Detection of Breast Cancer Using Modified Markov Model

Chettukrindi Mohammad AslamDonti Satya Narayana Kesari Padma Priya 

JNTU College of Engineering, Kakinada 533003, A.P., India

Dept. of ECE, Rajiv Gandhi, Memorial College of Engineering and Technology, Nandyal 518501, A.P., India

Dept. of ECE, JNTU College of Engineering, Kakinada 533003, A.P., India

Corresponding Author Email: 
mdaslam94922@gmail.com
Page: 
2195-2201
|
DOI: 
https://doi.org/10.18280/ts.390634
Received: 
28 April 2020
|
Revised: 
26 November 2021
|
Accepted: 
8 December 2021
|
Available online: 
31 December 2022
| Citation

© 2022 IIETA. This article is published by IIETA and is licensed under the CC BY 4.0 license (http://creativecommons.org/licenses/by/4.0/).

OPEN ACCESS

Abstract: 

A new segmentation method for medical image with intensity clustering is enclosed. In the intended approach, an improved K-means and EM algorithm are combined to develop a hybrid strategy for better clumping. The intended advent aims to exploit the ability of providing well distributed clump of K-means and the closeness of clumps provided by EM. The introductory clumps are provided by the improved K-means algorithm. This introductory clumping process outcomes in canters which are distributed in the given data.

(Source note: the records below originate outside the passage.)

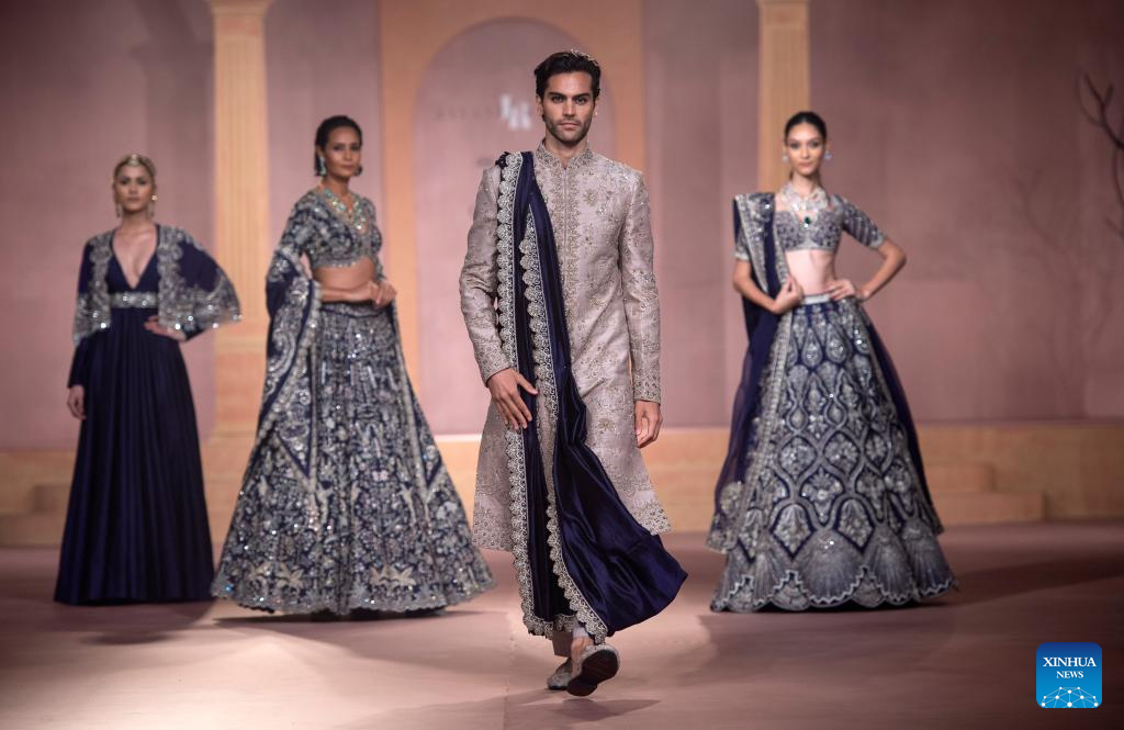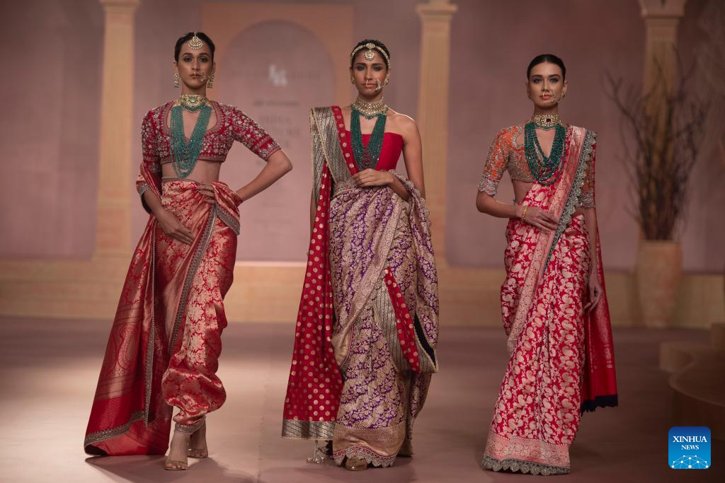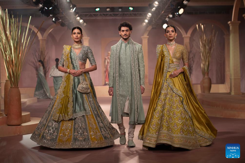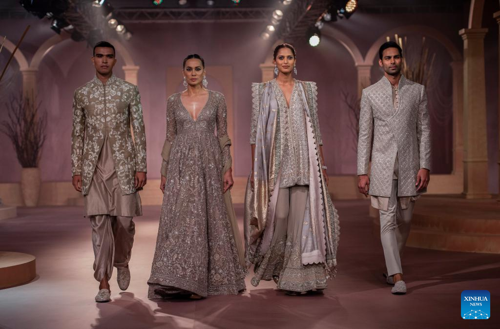 Models present creations of Jayanti Reddy during the FDCI India Couture Week in New Delhi, on July 29, 2024. (Xinhua/Javed Dar)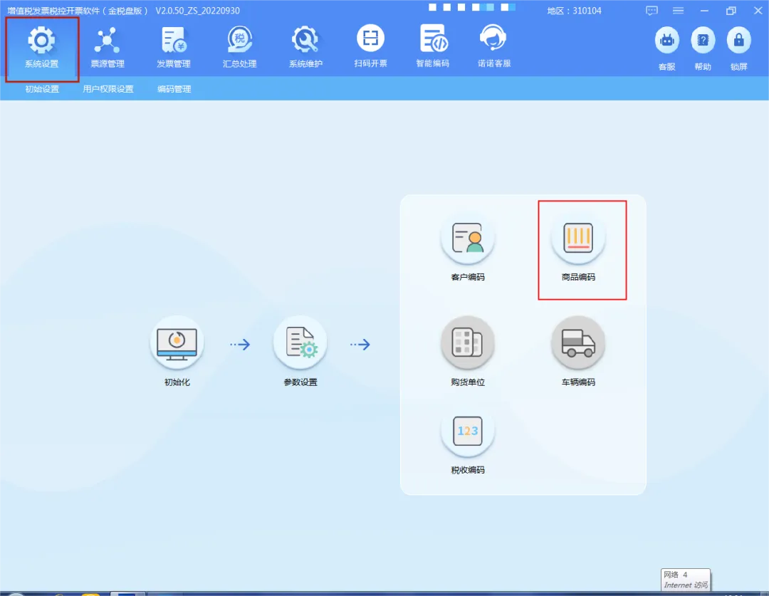 1.登录增值税发票开票软件-系统设置-商品编码。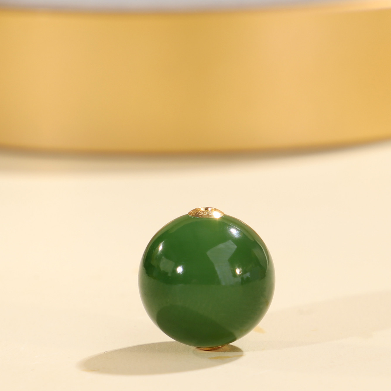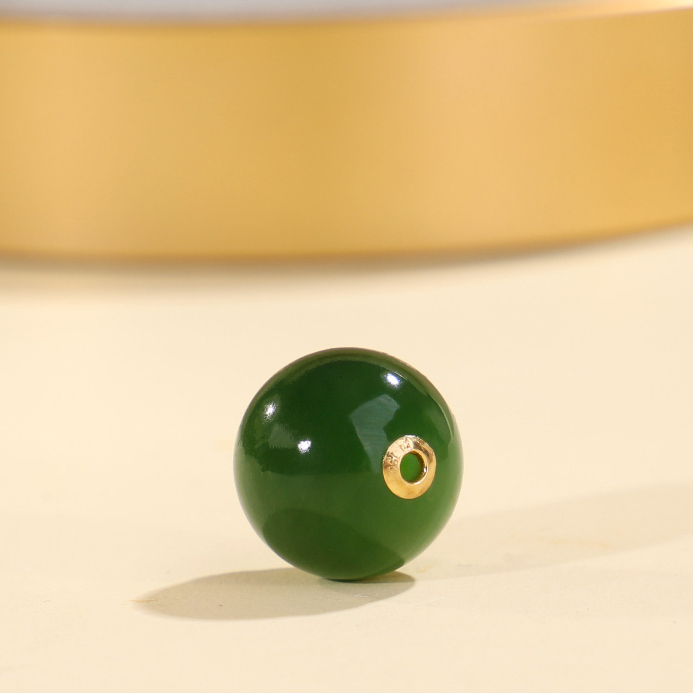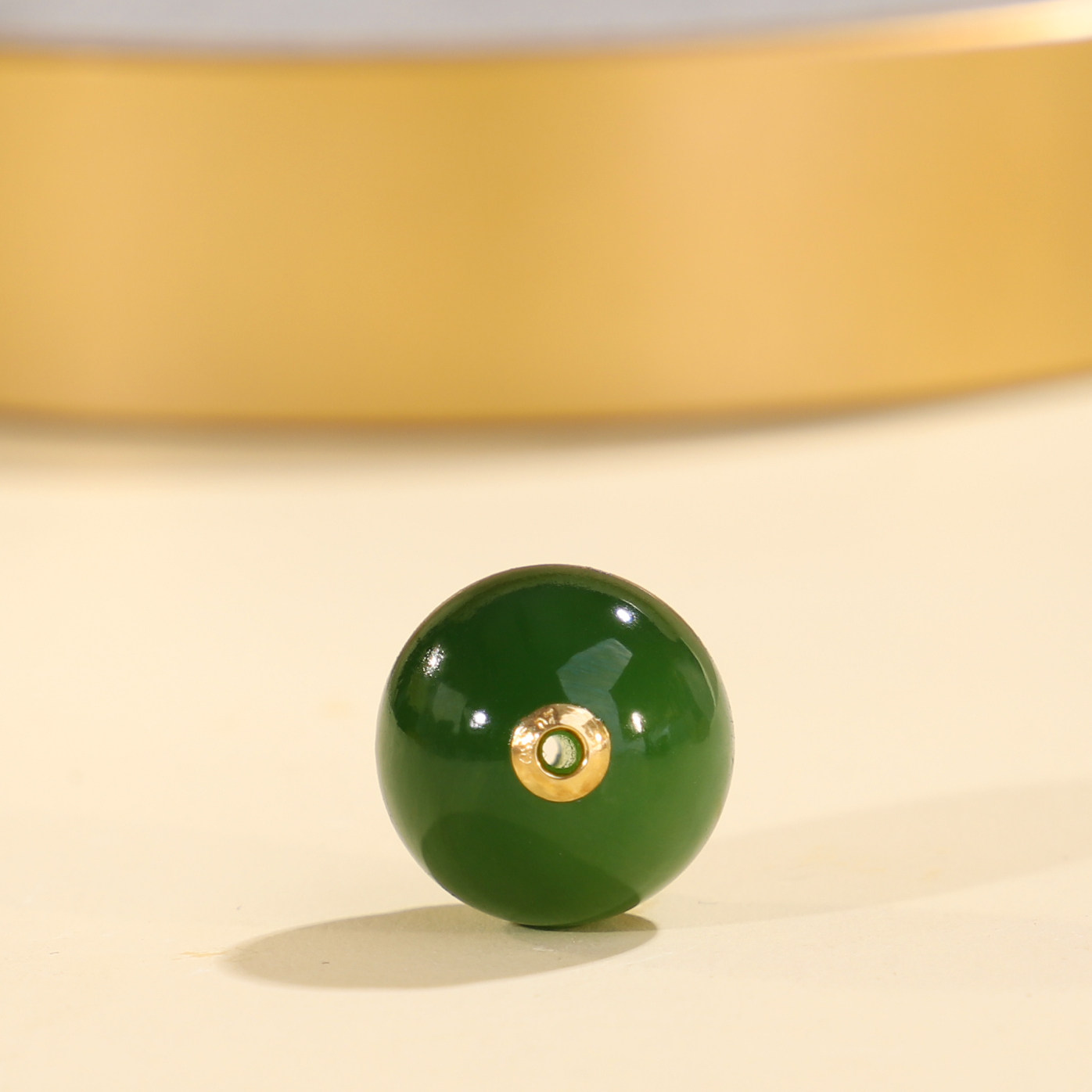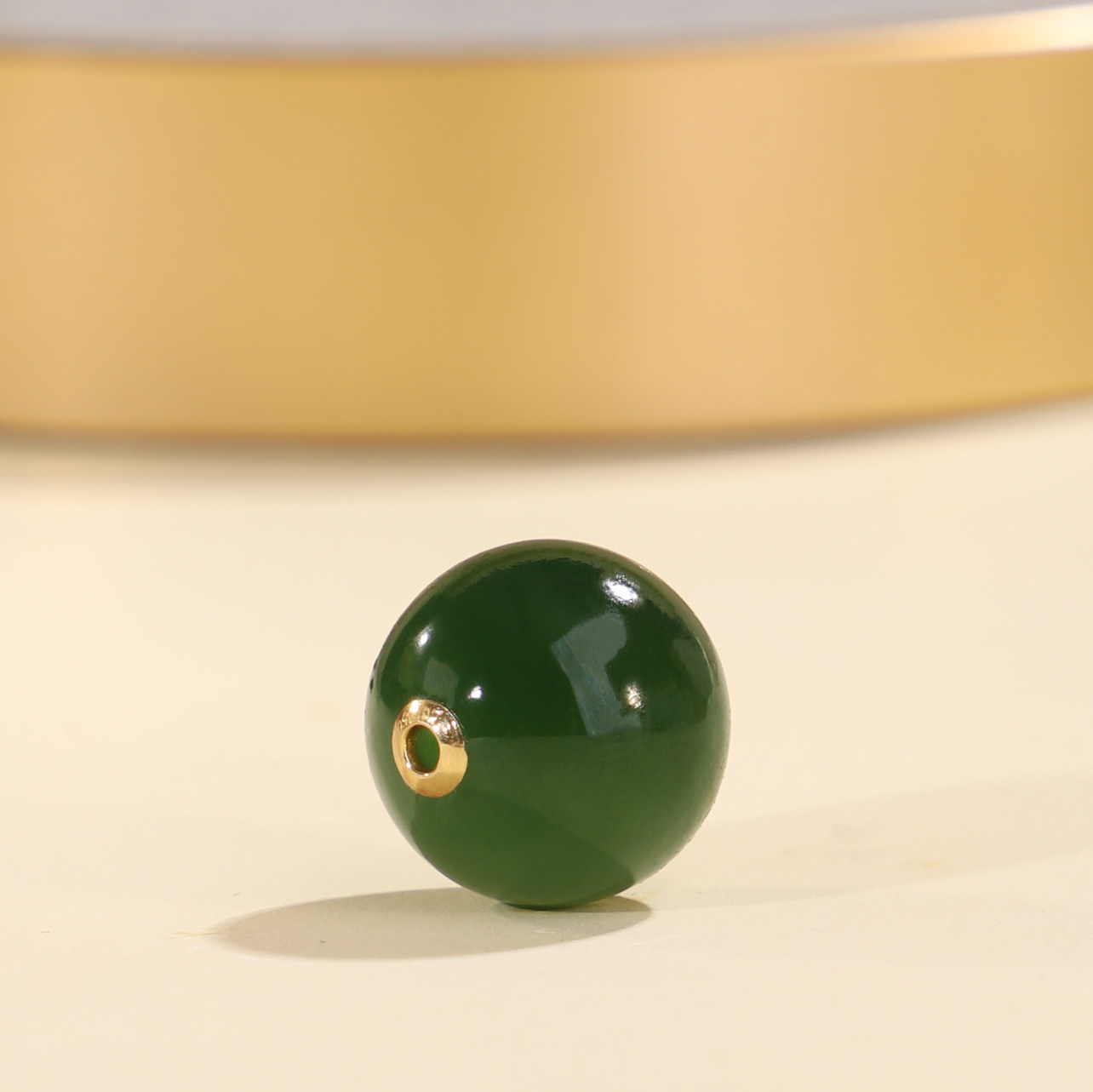 📚 帝廷家!正品天然俄料碧玉圆珠18K金贴片镶嵌孔道JKB1号13mm单珠

These canters form the introductory variable for EM, which afterwards uses them and repeats to find the local maxima. Experiments for synthetic and real images make evident the feasibility and superiority of the projected model.

Keywords: 

K-means algorithm, EM algorithm, Gaussian mixture model

1. Introduction

Image segmentation is one of the most deliberate problems in image analytics. The least complex procedures depend on a histogram of the image, that doesn’t have any spatial information. Hence, the classification remains constant to transposition of the pixels, neglecting the spatial dependence in image segmentation [1]. They require to include spatial data lead to the disclosure of techniques using neighbourhood [2, 3]. MRF theory is wont to shape the inherent spatial dependences [4, 5]. These models have been utilized in diverse maximum a posteriori (MAP) method for image restoration and segmentation [6].

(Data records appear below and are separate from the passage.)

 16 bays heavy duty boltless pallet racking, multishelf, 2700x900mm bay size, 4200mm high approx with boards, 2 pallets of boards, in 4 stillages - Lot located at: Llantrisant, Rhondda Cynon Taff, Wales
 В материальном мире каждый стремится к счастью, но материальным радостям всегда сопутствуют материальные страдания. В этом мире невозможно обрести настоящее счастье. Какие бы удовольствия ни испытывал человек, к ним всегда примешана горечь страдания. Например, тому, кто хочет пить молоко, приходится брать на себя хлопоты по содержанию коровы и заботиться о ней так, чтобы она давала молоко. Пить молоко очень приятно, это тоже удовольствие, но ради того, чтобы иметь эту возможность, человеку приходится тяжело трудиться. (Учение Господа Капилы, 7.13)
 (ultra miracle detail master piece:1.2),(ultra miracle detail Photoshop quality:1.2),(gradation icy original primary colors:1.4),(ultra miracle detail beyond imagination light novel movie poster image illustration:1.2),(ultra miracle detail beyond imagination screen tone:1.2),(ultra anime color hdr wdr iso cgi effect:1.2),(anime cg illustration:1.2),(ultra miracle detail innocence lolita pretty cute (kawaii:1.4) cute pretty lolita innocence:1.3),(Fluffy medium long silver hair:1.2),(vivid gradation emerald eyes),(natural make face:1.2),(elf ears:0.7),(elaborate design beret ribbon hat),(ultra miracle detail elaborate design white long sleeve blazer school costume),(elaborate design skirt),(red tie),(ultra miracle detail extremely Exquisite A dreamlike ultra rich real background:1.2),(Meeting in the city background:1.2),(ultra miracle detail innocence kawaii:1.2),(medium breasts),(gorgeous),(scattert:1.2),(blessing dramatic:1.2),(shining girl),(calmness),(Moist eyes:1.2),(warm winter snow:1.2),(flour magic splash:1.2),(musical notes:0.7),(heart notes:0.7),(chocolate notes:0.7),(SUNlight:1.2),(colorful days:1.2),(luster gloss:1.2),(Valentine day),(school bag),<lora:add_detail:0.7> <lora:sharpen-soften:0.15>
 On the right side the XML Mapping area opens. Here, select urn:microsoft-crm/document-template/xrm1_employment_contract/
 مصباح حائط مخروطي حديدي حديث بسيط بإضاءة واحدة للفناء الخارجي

When the MRF theory was the area of image analytics during 1980s. Geman and Geman [4] and Besag [7] applied MRFs to image segmentation. Analogues to the effort done by Geman and Geman [4], Geiger and Girosi [8] also combined a second MRF to the aboriginal MRF for plane restoration. Similarly, Jeng and Woods [9] and Molina et al. [10] introduce edge MRF with intensity mechanism.

Today, clustering algorithms are notable analytic devices for image segmentation. Being, the K-means is the best exploited method of the previous work which is fast, strong and less demanding to comprehend. but, the principal disadvantage of the K-means is initially the number of clumps should be well-known and should be provided as an input as. This paper deliberates the issue of the appraisal of the number of clumps for image segmentation and intends a new advent that depends on a hybrid technology of K-means and EM algorithm. The formulated model is experimented on Breast, Brain MRI Images and continent images of size. The results are better than conventional methods like k-means, Fuzzy C-Means, Watershed segmentation methods.

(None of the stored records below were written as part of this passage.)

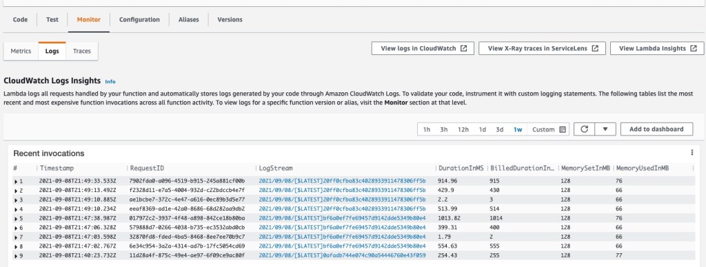 You can see these logs in your Lambda function by click on Monitor and then Logs. Each time your lambda function runs, a new log CloudWatch will be created. If your script has an error the traceback will appear here. if you put print or logging statement they will appear as a line in the log.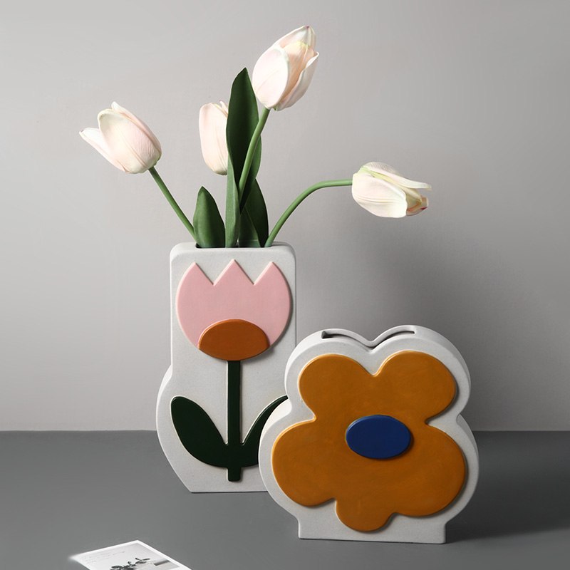 Nordic Creative Ceramic Vase Household Flower Fittings Living Room Limit Accessories Desktop Art Dry Flower Decoration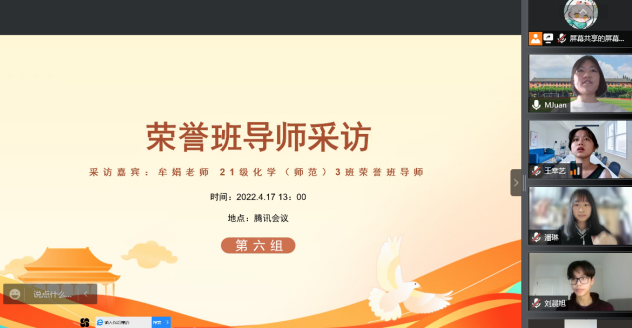谭春霞老师邀请了香港城市大学博士后储丹丹老师和在读研究生朱元利,为化师4班同学带来学习、科研和工作经历的分享。通过交流分享,同学们进一步认识到要向优秀的老师、学姐看齐,不能因为线上学习就有所懈怠。谭春霞老师还邀请刘锐副研究员为班级同学带来科普讲座“生活中无处不在的手性”,并组织同学观看微电影《有机师姐》,让同学们了解了科研是什么、有什么意义,激发同学们对科研的兴趣。

In this paper, the interaction of different image segmentation techniques is first analyzed. Next, the clustering characteristics of image pixels and paper are researched. And the reasons of the drawbacks of not to detect portions of image and different kinds of papers are studied. After that, the new algorithm for image detection is introduced. Then, the effective data processing methods are presented. As a result, high-quality image detection on porous paper is achieved, and then the image ridges characteristics are obtained, which provides quantitative evidences for image analytics.

2. Existing Methods

An image is a collection of multi-dimensional information and distributing it into various segments in accordance with some similarity norm is named Clustering. K-Means is a significant clustering algorithm that is extensively opted to distinct fields of functions inclusive of computer vision, astronomy and image segmentation. But straight K-means algorithm needs time comparative to the multiplication of number of patterns and clusters per iteration.

The K-means [11] is the basic clustering algorithm endorsed for the image segmentation due to the clustering efficacy and simplicity of application. Adaptive genetic algorithm for real time images employs k-means clustering to generate a set of individuals randomly by genetic process, Machine learning is a text classification algorithm which also uses k-means for feature selection [12]. A Traffic flow model where day-by-day traffic flow diagrams are generated by k-means and Frichet distance based clustering is used to link the diagrams [13]. To surmount the issues induced by the nosy method for attaining the plasma time-activity curve (PTAC) required for positron emission tomography (PET), Zheng et al. [14] presents a hybrid clustering method (HCM) using k-means clustering and polynomial regression mixture model. Ranjbaran et al. [15] defines a new algorithm to differentiate the VOR data into different intervals accordingly. Clustering method can have much improved outcomes of segmentation. But over-segmentation is the headache which should be resolved and feature extraction is a significant aspect of clustering.

The FCM algorithm [16], the best clustering algorithm for segmentation of image. FCM can be developed as the minimization function as follows:

$J_{f c m}=\sum_{i=1}^N \sum_{j=1}^C u_{i j}^m\left\|x_i-c_j\right\|^2$                           (1)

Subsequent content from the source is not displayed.